Download the manual, it will get you on your way.Also the RT should have come with 3 dividing plates, clearly shows them on their website.Worse comes to worse you should contact Grizzly about an exchange or refund.When a tool or accessory is purchased it should clearly state if it is a discontinued tool and no support is forthcoming.
I own a number of Grizzly tools and accessories , I also bought a 4" rotary table without dividing plates. Then several years later when I needed them I found out that the model I bought does not take them.Not a problem for me because I bought a larger mill that needed a larger RT.
mike


----------



## jarhead (Apr 29, 2022)

Did you figure out your H5940? I acquired one with a used Grizzly mill. I have downloaded the 6" manual for reference. I will probably start with a piece of scrap and drill a bolt circle.

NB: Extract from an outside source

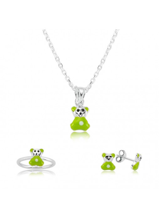 Gümüş Yeşil Ayıcık Çocuk Set Gümüş yeşil ayıcık çocuk seti ile çocuklarınız sevindirebilirsiniz. Küpe Uzunluğu :1x1 cm Kolye Uzunluğu :1x1.5cm Yüzük :1x1 cm Zincir Uzunluğu Ortalama 40 cm'dir. Ürün kadife hediye kutusunda gönderilecektir... Ürünlerimizin tamamı el emeği ile üretilmiştir ve değerli taşlar nedeniyle ürün ağırlığında ± %5 sapma olabilmektedir.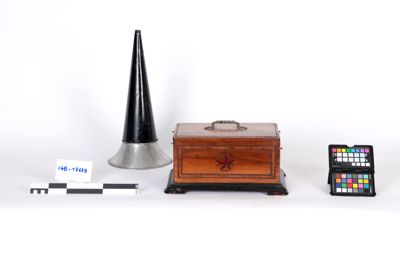 lunghezza: 23,5 cm (cassetta); larghezza: 35 cm (cassetta); altezza: 16,5 cm (cassetta); lunghezza cm (tromba)

Would like to see what others have made.

Thanks, Joe


----------



## Video_man (May 6, 2022)

h5940 is listed on Grizzly site, there is a chart showing what turns/holes on plates to use for different spacing; the 1:72 ratio on this little table is very unusual so regular 1:90 tables won't work.  Here's a link to the tables for this unit: https://cdn0.grizzly.com/specsheets/h5940_as.pdf.  There is also a parts list available but no manual.


----------